Ramified: $\mathcal O_K/(p) \cong \mathbb F_p[x]/(x^2)$ and the only prime ideal of this is $(x)$, by here. So there is only one prime ideal of $p$-power norm and this ideal has norm $p$ (e.g. there are no prime ideals of norm $p^2$). Hence $(p)=(x)(x)=(x)^2$ in the prime ideal factorisation in $\mathcal O_K.$

Split: $\mathcal O_K/(p) \cong \mathbb F_p \times \mathbb F_p$ and this has two prime ideals: $\mathbb F_p \times \{0\}$ and $ \{0\} \times \mathbb F_p$, since any element of $\mathbb F_p$ is a unit or $0$. So there are two ideals of $p$-power norm, and both of these have norm $p$. These two ideals are also conjugate, I claim. Studying this in terms of $\bar f$ (notation as here) we find \begin{align*} \frac{\mathcal O_K}{(p) } & \cong \frac{\mathbb F_p[x]}{((\overline {f(x)}))} \\ & \cong \frac{\mathbb F_p[x]}{((x-\alpha)(x-\beta))} \\ & \cong \frac{\mathbb F_p[x]}{(x-\alpha)} \times \frac{\mathbb F_p[x]}{(x-\beta)}\\ & \cong\mathbb F_p^2. \end{align*} So conjugation will send one root to the other, i.e. $\alpha \mapsto \beta$, $\beta \mapsto \alpha$. Hence it will also map the corresponding $\mathbb F_p \times \{0\}$ to $ \{0\} \times \mathbb F_p$ and vice versa. So the claim is proved. Now, by a theorem, $I\bar I=(Norm(I)),$ so $(p)=I\bar I$ where $I$ and $\bar I$ are the two ideals of norm $p$.
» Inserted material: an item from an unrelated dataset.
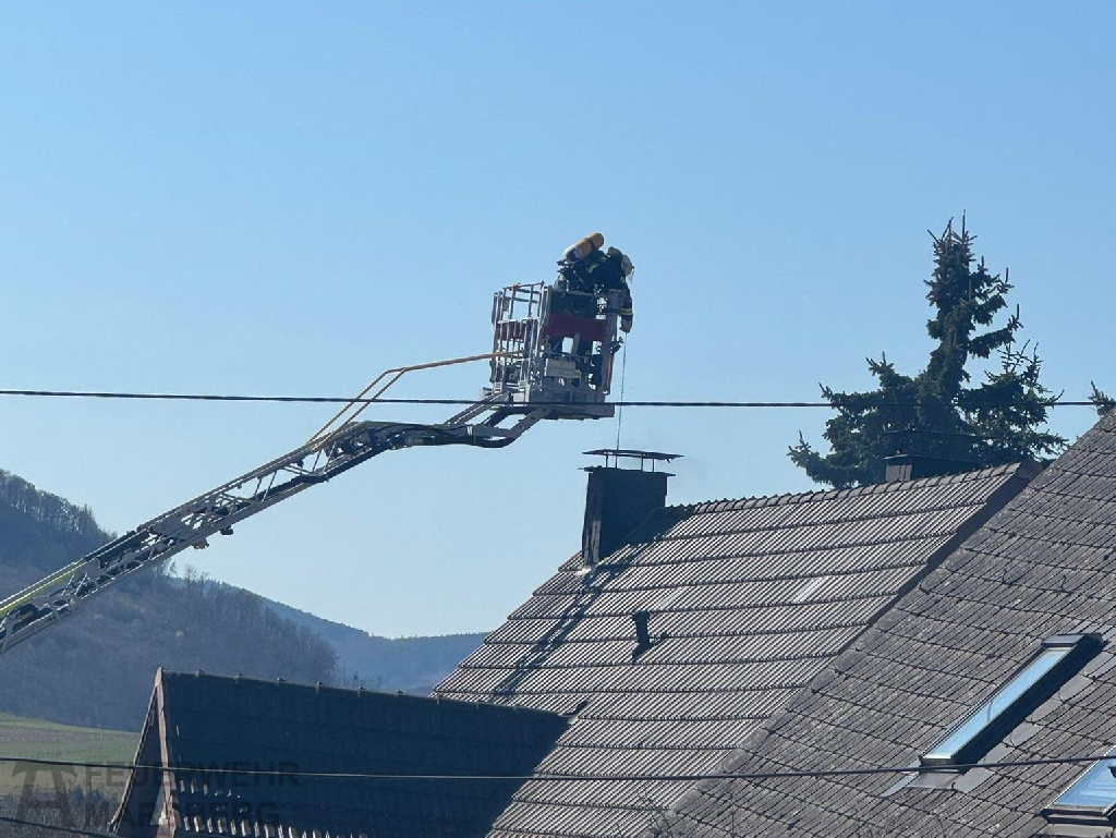 Es stellte sich heraus, dass der obere Bereich des Kamins betroffen war, auch die Kaminabdeckung hatte bereits Feuer gefangen. Aus der Drehleiter heraus musste der Kamin unter Atemschutz mehrmals gekehrt werden. Das Brandgut wurde ins Freie gebracht und dort abgelöscht. Als der Kamin soweit gesichert war, konnte der ebenfalls alarmierte Bezirksschornsteinfeger den Kamin abschließend kontrollieren. Mit einem Hochdrucklüfter wurde zudem das Innere des Gebäudes belüftet.

Inert: $\mathcal O_K/(p) \cong \mathbb F_{p^2}$ and the prime ideal of this is $\{0\}$ since we already have a field and the only proper ideal of a field is $\{0\}.$ This ideal has norm $p^2$ and cprresponds to $(p)$. So $(p)$ is already prime in $\mathcal O_K$.

By the previous question each of these cases correspond to when $\bar f$ (which is $f$ reduced modulo $p$) has a repeated root, two distinct roots and no roots. Hence one of these cases must always occur. This proves the converse. E.g. if $(p)=I^2$ for some $I\triangleleft \mathcal O_K$ then $p$ can't be split or inert, so it must be ramified.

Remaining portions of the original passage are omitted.